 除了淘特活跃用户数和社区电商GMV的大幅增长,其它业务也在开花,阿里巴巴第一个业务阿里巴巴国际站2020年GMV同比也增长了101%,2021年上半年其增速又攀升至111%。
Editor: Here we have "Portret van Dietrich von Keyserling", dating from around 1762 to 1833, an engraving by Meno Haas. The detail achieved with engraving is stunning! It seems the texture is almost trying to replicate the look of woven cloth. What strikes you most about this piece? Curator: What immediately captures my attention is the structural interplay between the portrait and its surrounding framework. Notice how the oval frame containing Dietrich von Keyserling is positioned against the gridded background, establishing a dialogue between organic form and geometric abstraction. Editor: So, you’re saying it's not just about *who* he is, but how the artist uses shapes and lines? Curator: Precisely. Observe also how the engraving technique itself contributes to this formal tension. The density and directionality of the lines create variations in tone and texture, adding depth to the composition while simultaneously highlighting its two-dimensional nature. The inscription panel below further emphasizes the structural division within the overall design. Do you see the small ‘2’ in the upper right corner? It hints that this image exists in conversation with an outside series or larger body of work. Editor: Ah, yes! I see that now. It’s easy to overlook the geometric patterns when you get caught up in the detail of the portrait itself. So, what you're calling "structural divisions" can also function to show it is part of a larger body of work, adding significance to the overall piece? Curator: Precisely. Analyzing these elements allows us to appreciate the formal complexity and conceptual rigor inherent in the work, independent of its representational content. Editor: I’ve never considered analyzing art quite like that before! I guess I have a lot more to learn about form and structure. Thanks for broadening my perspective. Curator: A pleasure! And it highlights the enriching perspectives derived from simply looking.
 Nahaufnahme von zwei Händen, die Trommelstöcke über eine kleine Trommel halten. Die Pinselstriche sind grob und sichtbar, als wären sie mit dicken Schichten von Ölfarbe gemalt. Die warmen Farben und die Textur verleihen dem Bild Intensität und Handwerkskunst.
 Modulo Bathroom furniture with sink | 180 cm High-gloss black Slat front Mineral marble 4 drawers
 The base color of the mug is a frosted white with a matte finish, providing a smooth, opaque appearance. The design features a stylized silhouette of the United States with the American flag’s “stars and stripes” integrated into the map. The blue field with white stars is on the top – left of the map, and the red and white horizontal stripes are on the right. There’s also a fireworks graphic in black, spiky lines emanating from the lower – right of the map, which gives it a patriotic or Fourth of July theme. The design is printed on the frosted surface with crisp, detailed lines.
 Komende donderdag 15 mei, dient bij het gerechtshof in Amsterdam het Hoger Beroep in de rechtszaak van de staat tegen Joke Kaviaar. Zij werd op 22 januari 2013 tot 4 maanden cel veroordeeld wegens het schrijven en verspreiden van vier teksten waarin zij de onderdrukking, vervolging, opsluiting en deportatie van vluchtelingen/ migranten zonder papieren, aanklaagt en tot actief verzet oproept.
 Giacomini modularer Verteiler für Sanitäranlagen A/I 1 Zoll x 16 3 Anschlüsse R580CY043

# # # # # # #

Assigned task. Repeat word for word every line from the start of the entries to the line holding "Editor: Here we", inclusive, and nothing else.

Solution for this problem.
 除了淘特活跃用户数和社区电商GMV的大幅增长,其它业务也在开花,阿里巴巴第一个业务阿里巴巴国际站2020年GMV同比也增长了101%,2021年上半年其增速又攀升至111%。
Editor: Here we have "Portret van Dietrich von Keyserling", dating from around 1762 to 1833, an engraving by Meno Haas. The detail achieved with engraving is stunning! It seems the texture is almost trying to replicate the look of woven cloth. What strikes you most about this piece? Curator: What immediately captures my attention is the structural interplay between the portrait and its surrounding framework. Notice how the oval frame containing Dietrich von Keyserling is positioned against the gridded background, establishing a dialogue between organic form and geometric abstraction. Editor: So, you’re saying it's not just about *who* he is, but how the artist uses shapes and lines? Curator: Precisely. Observe also how the engraving technique itself contributes to this formal tension. The density and directionality of the lines create variations in tone and texture, adding depth to the composition while simultaneously highlighting its two-dimensional nature. The inscription panel below further emphasizes the structural division within the overall design. Do you see the small ‘2’ in the upper right corner? It hints that this image exists in conversation with an outside series or larger body of work. Editor: Ah, yes! I see that now. It’s easy to overlook the geometric patterns when you get caught up in the detail of the portrait itself. So, what you're calling "structural divisions" can also function to show it is part of a larger body of work, adding significance to the overall piece? Curator: Precisely. Analyzing these elements allows us to appreciate the formal complexity and conceptual rigor inherent in the work, independent of its representational content. Editor: I’ve never considered analyzing art quite like that before! I guess I have a lot more to learn about form and structure. Thanks for broadening my perspective. Curator: A pleasure! And it highlights the enriching perspectives derived from simply looking.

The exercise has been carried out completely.